*Aim of the exercise*: A line containing "Designul elegant și" appears in the material below. Return exactly every line from the first through that one, and only those.

Supplied records below:

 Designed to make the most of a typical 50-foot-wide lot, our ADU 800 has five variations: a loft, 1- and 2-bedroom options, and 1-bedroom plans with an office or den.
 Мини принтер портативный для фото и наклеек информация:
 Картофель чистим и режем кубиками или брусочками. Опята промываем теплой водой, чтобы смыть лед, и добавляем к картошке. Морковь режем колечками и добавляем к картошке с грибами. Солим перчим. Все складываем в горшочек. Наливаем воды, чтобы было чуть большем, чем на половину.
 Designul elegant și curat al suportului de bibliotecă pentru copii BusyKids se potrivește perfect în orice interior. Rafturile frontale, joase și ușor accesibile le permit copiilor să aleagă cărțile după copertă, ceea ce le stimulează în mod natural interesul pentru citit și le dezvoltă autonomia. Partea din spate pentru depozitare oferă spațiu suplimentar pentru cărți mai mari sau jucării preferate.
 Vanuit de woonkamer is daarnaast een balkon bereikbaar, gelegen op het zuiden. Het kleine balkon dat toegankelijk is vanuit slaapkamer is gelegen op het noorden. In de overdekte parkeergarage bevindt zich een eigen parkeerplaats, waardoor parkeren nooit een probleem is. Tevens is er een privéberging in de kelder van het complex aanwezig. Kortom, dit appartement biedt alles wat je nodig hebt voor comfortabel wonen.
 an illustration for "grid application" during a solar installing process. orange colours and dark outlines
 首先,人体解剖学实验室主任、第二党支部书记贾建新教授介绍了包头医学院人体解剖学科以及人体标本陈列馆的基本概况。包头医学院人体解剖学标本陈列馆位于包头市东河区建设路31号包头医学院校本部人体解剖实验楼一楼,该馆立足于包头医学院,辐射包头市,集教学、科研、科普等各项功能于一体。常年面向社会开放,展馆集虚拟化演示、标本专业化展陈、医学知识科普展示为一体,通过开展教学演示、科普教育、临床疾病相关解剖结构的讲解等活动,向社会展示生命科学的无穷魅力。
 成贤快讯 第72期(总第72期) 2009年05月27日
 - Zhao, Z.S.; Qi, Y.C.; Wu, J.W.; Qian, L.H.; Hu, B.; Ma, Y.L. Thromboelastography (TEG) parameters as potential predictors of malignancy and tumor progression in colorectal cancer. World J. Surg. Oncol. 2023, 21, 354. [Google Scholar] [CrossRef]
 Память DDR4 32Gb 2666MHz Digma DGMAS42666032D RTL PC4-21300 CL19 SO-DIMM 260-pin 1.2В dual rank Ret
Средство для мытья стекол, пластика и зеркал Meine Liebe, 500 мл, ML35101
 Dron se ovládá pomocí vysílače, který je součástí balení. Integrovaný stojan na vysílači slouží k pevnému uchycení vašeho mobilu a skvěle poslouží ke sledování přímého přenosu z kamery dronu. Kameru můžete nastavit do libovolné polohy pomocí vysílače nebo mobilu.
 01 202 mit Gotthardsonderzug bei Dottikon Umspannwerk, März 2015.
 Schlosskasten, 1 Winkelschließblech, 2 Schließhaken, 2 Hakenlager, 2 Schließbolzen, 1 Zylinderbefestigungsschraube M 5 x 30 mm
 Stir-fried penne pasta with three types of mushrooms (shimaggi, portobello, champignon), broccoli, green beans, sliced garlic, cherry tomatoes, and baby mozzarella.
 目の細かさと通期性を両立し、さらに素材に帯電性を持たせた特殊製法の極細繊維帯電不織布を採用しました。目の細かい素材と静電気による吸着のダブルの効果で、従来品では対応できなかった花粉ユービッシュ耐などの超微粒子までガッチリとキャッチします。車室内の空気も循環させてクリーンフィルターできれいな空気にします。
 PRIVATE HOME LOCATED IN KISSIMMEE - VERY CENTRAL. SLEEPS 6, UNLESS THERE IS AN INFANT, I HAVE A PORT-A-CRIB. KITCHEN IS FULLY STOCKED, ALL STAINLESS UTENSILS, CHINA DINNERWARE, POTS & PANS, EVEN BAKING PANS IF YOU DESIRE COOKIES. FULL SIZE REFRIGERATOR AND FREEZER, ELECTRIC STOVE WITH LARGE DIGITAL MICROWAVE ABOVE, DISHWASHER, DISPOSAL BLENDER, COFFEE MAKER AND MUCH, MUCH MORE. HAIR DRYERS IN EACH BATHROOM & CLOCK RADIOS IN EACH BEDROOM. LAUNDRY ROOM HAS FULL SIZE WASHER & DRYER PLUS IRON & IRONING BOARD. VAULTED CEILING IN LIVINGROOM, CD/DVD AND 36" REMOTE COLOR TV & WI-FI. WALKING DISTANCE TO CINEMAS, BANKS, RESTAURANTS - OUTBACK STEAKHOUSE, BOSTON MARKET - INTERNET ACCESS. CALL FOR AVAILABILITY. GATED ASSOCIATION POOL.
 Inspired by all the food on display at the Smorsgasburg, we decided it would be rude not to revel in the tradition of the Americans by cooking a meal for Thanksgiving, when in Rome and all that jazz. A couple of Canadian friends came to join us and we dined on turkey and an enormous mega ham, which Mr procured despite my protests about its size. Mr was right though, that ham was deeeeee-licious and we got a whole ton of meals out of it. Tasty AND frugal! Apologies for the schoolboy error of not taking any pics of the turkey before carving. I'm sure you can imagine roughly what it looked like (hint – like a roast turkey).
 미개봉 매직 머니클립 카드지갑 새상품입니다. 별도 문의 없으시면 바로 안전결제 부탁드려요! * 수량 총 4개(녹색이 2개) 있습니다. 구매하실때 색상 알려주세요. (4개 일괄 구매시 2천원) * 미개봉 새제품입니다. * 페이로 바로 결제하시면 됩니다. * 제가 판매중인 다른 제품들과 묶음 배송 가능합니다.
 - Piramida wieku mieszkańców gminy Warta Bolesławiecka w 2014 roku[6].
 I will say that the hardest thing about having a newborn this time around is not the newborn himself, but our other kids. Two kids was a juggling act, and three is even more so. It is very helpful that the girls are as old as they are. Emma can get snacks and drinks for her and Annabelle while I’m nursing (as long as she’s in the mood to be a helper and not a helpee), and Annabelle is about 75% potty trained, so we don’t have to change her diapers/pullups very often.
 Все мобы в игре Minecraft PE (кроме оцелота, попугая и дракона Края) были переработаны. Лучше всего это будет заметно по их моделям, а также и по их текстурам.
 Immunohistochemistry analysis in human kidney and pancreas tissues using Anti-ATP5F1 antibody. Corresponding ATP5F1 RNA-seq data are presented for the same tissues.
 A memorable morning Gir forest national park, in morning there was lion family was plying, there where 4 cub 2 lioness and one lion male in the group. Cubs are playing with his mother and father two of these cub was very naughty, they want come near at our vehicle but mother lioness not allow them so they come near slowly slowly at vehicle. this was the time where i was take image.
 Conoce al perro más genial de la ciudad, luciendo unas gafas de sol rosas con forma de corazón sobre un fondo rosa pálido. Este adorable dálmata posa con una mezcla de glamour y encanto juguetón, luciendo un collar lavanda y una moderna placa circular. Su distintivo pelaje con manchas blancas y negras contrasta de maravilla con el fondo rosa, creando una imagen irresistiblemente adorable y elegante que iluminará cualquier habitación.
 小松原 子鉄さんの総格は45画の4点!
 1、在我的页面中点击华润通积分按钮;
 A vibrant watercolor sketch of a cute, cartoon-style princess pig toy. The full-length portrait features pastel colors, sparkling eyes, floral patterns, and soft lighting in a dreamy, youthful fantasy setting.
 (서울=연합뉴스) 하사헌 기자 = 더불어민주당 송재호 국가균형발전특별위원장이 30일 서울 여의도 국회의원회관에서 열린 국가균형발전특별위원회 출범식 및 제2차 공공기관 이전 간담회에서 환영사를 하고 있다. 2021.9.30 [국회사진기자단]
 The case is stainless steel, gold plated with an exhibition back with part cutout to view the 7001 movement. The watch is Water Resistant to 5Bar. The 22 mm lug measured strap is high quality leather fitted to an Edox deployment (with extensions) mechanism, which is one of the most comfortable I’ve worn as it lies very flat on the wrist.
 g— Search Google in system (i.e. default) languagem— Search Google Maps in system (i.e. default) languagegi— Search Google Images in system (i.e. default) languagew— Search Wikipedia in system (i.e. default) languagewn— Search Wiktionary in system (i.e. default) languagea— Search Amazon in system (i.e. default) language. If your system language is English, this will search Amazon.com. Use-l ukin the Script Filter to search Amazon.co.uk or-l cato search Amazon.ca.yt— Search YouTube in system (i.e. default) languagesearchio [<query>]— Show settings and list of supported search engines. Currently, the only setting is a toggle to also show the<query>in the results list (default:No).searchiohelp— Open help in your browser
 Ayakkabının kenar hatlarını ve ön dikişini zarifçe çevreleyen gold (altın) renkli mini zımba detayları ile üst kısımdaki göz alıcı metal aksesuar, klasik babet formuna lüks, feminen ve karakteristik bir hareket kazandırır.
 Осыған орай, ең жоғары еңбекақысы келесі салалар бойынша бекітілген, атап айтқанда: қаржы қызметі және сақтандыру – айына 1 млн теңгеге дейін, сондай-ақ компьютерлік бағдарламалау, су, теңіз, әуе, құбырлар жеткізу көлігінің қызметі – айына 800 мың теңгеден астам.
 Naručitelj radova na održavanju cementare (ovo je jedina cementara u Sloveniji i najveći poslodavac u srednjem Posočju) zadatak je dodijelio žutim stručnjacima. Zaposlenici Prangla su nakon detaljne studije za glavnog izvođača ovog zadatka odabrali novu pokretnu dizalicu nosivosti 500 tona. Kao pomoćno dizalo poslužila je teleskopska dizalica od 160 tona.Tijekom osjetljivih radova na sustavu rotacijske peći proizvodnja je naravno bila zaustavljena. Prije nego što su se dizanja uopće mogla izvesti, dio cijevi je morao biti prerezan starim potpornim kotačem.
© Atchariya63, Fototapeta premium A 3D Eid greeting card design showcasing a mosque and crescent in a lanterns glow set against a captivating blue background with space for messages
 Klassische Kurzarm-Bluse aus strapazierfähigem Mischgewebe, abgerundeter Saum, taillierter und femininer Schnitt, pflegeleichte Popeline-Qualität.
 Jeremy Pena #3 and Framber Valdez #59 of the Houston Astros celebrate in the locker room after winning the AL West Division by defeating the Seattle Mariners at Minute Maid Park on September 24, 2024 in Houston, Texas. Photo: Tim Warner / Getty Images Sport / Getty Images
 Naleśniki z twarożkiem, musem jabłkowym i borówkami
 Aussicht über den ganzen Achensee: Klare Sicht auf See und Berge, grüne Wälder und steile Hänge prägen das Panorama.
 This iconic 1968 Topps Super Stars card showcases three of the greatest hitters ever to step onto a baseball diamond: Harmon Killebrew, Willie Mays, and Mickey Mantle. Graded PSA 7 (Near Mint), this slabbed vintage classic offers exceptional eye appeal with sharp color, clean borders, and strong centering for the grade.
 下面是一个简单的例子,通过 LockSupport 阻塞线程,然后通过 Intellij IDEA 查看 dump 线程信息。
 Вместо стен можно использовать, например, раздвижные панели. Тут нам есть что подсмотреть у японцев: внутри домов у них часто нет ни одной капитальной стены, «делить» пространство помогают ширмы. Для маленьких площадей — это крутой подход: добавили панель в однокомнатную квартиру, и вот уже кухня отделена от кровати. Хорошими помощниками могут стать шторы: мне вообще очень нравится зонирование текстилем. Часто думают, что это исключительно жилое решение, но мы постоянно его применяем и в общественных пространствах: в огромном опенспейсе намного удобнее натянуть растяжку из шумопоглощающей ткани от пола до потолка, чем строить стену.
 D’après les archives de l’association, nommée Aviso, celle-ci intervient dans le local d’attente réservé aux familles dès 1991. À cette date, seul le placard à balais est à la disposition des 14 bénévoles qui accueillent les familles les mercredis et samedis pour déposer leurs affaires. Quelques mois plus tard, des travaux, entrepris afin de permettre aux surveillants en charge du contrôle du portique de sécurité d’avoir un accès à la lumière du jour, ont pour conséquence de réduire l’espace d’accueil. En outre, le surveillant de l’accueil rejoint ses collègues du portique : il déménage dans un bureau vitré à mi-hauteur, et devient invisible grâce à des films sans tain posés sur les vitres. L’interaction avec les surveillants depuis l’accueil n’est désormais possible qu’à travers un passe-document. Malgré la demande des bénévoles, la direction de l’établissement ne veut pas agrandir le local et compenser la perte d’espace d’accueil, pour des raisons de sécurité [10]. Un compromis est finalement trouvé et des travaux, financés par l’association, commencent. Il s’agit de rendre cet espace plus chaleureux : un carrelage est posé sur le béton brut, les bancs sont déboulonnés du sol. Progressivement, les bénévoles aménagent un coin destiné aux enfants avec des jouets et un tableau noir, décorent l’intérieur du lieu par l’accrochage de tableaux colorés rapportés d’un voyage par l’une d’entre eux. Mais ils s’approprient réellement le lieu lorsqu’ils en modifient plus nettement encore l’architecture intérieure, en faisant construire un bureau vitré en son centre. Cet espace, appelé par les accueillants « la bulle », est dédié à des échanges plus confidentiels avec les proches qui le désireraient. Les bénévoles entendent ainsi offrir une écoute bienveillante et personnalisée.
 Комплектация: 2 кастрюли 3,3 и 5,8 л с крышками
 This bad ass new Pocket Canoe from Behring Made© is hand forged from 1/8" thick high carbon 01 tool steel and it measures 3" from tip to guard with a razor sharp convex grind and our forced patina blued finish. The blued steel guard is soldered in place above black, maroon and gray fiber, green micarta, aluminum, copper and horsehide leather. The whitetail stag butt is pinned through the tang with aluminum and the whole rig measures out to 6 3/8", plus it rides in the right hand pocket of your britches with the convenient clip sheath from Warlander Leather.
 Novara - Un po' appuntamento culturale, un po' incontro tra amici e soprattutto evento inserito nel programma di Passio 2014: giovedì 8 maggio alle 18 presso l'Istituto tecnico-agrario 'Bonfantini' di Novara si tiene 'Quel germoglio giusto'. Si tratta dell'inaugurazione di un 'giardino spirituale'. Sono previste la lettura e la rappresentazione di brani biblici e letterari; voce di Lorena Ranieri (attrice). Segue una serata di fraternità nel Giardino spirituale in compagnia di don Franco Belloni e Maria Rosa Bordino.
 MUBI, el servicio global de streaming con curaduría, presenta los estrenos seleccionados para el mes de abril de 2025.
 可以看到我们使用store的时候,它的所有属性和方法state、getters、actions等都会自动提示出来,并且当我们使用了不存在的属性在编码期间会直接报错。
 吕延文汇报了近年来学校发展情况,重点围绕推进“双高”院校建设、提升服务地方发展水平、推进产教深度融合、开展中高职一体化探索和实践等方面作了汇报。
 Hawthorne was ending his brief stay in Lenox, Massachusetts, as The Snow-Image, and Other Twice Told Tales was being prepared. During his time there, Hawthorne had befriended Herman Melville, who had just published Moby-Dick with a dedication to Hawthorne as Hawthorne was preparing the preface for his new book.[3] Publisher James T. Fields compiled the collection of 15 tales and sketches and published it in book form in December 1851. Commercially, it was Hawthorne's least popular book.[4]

End of Supplied records.

*Exercise answer*:
 Designed to make the most of a typical 50-foot-wide lot, our ADU 800 has five variations: a loft, 1- and 2-bedroom options, and 1-bedroom plans with an office or den.
 Мини принтер портативный для фото и наклеек информация:
 Картофель чистим и режем кубиками или брусочками. Опята промываем теплой водой, чтобы смыть лед, и добавляем к картошке. Морковь режем колечками и добавляем к картошке с грибами. Солим перчим. Все складываем в горшочек. Наливаем воды, чтобы было чуть большем, чем на половину.
 Designul elegant și curat al suportului de bibliotecă pentru copii BusyKids se potrivește perfect în orice interior. Rafturile frontale, joase și ușor accesibile le permit copiilor să aleagă cărțile după copertă, ceea ce le stimulează în mod natural interesul pentru citit și le dezvoltă autonomia. Partea din spate pentru depozitare oferă spațiu suplimentar pentru cărți mai mari sau jucării preferate.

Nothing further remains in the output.